Людмила Сергеевна уже начала подумывать о том, чтобы взять официальную опеку над самым неприкаянным ребенком, но тут линия судьбы сломалась в очередной зигзаг. Третьего мужа звали Дмитрий, он был на два года моложе ее и занимался бизнесом — держал несколько интернет-магазинов, торговавших всякой всячиной. Познакомились они случайно, в купе фирменного московского поезда: она ехала в столицу, чтобы подписать ряд бумаг в дружественном Центре, он возвращался из Питера, где заключил контракт на организацию своего представительства. По зимнему времени вагон был практически пуст, в купе они были вдвоем и слово за слово оказались на одном спальном месте. Как ни странно, короткий железнодорожный роман не завершился на перроне Ленинградского вокзала, а продолжился вечером в ресторане, ночью — в квартире Дмитрия, а через некоторое время — в ЗАГСе. Людмила Сергеевна переехала в Москву (что никого не удивило, в то время многие питерцы переезжали в столицу) и устроилась на работу в дружественный Центр, где ее уже прекрасно знали и приняли с распростертыми объятиями.
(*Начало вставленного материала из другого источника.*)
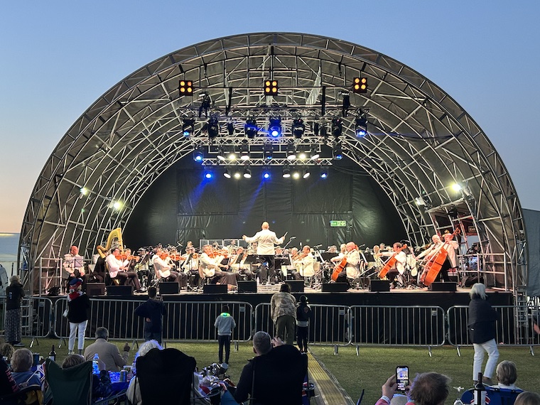 As dusk settled over Old Warden, the second act of the Shuttleworth Collection Flying Proms opened with cinematic grandeur as the orchestra launched into the stirring Star Wars Main Theme. The bold brass and sweeping strings were answered by cheers from the crowd, setting the tone for an uplifting finale to the evening's celebrations of music and flight.

Два года Людмила Сергеевна чувствовала себя совершенно счастливой. Дмитрий был нежен и предупредителен, дарил цветы и водил по московским музеям, находился в постоянном контакте и интересовался ее мнением по любым вопросам. Он с самого начала знал, что у них с Людмилой Сергеевной никогда не будет биологических детей, но абсолютно не напрягался по этому поводу, согласившись, что можно и усыновить-удочерить столько, сколько захочется. Сегодня, вспоминая те тихие, теплые годы, Людмила Сергеевна предполагала, что Дмитрий видел в ней прежде всего не жену и любовницу, а замену матери, которую потерял в детстве. Эдипов комплекс, обычное дело. Кончилось, как обычно, то есть очень плохо.
В интернет-бизнесе случился обвальный кризис. Акции посыпались, сетевые магазины закрывались один за другим или продавались за символический рубль. Дмитрий отчаянно пытался спасти положение, набрал кредитов, прогорел. Сорвался и ушел в запой. Тут из него вся грязь и поперла. На третий день Людмила Сергеевна попыталась сбежать из этого кошмара, но муж жестоко избил ее и запер в комнате. Пьянка и побои продолжались и на четвертый день, и на пятый. Людмила Сергеевна была в шоке и думала, что не доживет до конца недели. На шестой день приехал младший брат, обеспокоенный ее отсутствием. Он настойчиво звонил в дверь, Людмила Сергеевна хотела закричать, но Дмитрий — откуда только прыть взялась у алконавта? — схватил ее и приставил к горлу нож. Людмила Сергеевна подавилась и разрыдалась. Потом она сидела в запертой комнате и подумывала о самоубийстве. Но выглянула в окно и увидела: Кирилл никуда не ушел, курит на скамейке и разглядывает окна. Разведчик. Он заметил ее, и, чтобы показать брату, в какую беду попала, Людмила Сергеевна чиркнула себя пальцами по подбородку. Кирилл выбил дверь и скрутил подонка. Хотел посадить по уголовной статье, но Людмила Сергеевна уговорила до суда не доводить. Тогда Кирилл выдвинул ультиматум: Дмитрий разводится, оставляет квартиру жене и уматывает из Москвы на все четыре стороны. Муж поскрипел, но согласился. Людмила Сергеевна опять осталась одна.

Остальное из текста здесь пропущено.